Paul Michael Barry is a British songwriter and musician.  Some of his best-known songs he has co-written include "Believe" by Cher, "Hero" and "Bailamos" by Enrique Iglesias and 5 times platinum single in the US "Let It Go" by James Bay.  He has won three Ivor Novello Awards and ASCAP PRS writer of the year 2000.  He has scored three US number-one singles, as well as other number-ones around the world.

His songs have been recorded by James Bay, Lionel Richie, James Morrison, Celine Dion, Ricky Martin, Lemar, Craig David, Tina Turner, Britney Spears, Rod Stewart, Lara Fabian, Ronan Keating, Esmee Denters, JLS, Rebecca Ferguson, the Vamps, Nelly Furtado, Beverley Knight, Mica Paris, Andrew Roachford, and Tom Walker (singer) among others.

Career
Barry was born in Edinburgh, Scotland where his band first signed with Bruce Findlay's Zoom Records as lead singer with the Questions while still at high school.  Whilst attending University, he went on to pursue his dream with his band, who were signed to Paul Weller's Respond record label.  He co-wrote "The House That Jack Built" for Tracie Young which reached number 9 on the UK charts in 1983.

In the 1990s, Barry was a member of the Eurodance reggae fusion group Dreamhouse, best known for their covers of "Stay" and "Sha La La". He then continued his songwriting career, writing for many artists, including five songs on the multi-platinum LP Believe by Cher, including "Strong Enough" and "Believe".  He also co-wrote the Cher songs "Song for the Lonely" and "The Music's No Good Without You" from the Living Proof album. Barry has also worked with Enrique Iglesias, initially writing for and later collaborating with him.  He has been a source of eight singles from four albums of Iglesias, including "Hero", "Bailamos" and "Be with You", the latter two songs reaching the number one spot on the Billboard Hot 100.  "Hero" stayed at number three in the US for four weeks, and was number one in the UK and several other countries.  Other hits include "Rhythm Divine", "Love to See You Cry" and "Not in Love" (featuring Kelis).

Barry worked with Lionel Richie for his Renaissance album, co-writing six songs, including the singles "Angel", "Don't Stop the Music" and "Tender Heart", then on five songs for Richie's Just for You album, including the title track, which Richie re-recorded on his No. 1 US album Tuskegee.

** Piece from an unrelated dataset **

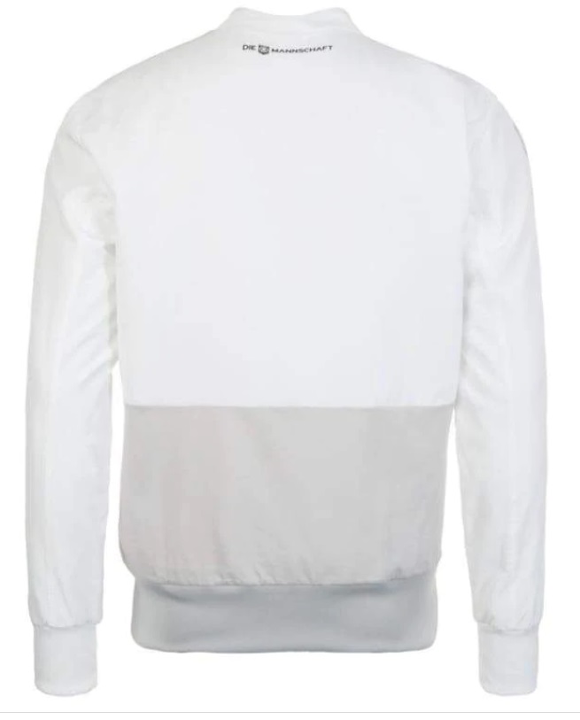 Adidas Germany Deutschland DFB Trainingsjacke Jacke 2018 in weiß grau von der WM 2018, im DFB Design. Die Jacke wurde vor den Spielen getragen 2018, daher auch Pre-Match-Jacke für Vor dem Spiel Jacke. Neu mit Adidas Etiketten
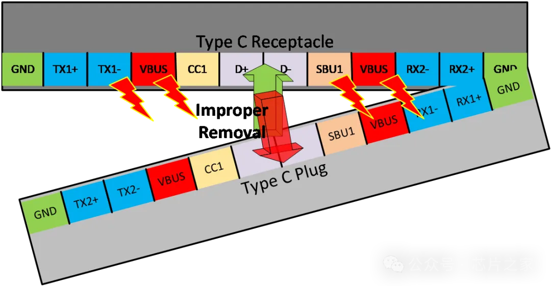 CC信号线主要用来协商电压电流(PD协议通信)、侦测插拔,理论上 CC 线最大电压不会超过 5V,CC线电压是独立于 VBUS 电压的,但在某些异常/热插拔瞬间,有可能由于寄生耦合、ESD、电源反灌等,导致 CC 瞬时电压超过 5V,特别是 Type-C 接口短接插反、VBUS 瞬间上升、或者被错误连接时,可能出现异常电压。

Barry co-wrote the Bryan McFadden/Delta Goodrem duet "Almost Here", which first brought the two artists together, and was number one in Ireland and Australia, as well as number three in the UK.  Barry worked with James Morrison on two songs for his Songs for You, Truths for Me album, including the first single "You Make It Real".  He also contributed two songs for JLS's debut album JLS and "Another World" for the Vamps' debut album, Meet the Vamps.  Barry co-wrote James Bay's single "Let It Go" and Nelly Furtado's song "Phoenix" (also co-written by Mark Taylor) for her sixth album The Ride.  In 2013 and 2017, he worked with Shane Filan of Irish boy band Westlife on four tracks from the albums You and Me and Love Always, which charted in the top 10 of both the UK and Irish albums charts.  

Barry also co-wrote "Cry Out" with Tom Walker for his UK number one album What a Time to Be Alive.  He co-wrote the single "Mama Said" from the Mica Paris album Gospel (Mica Paris album). Paris also covered Barry's song "In Broad Daylight", written after the murder of George Floyd.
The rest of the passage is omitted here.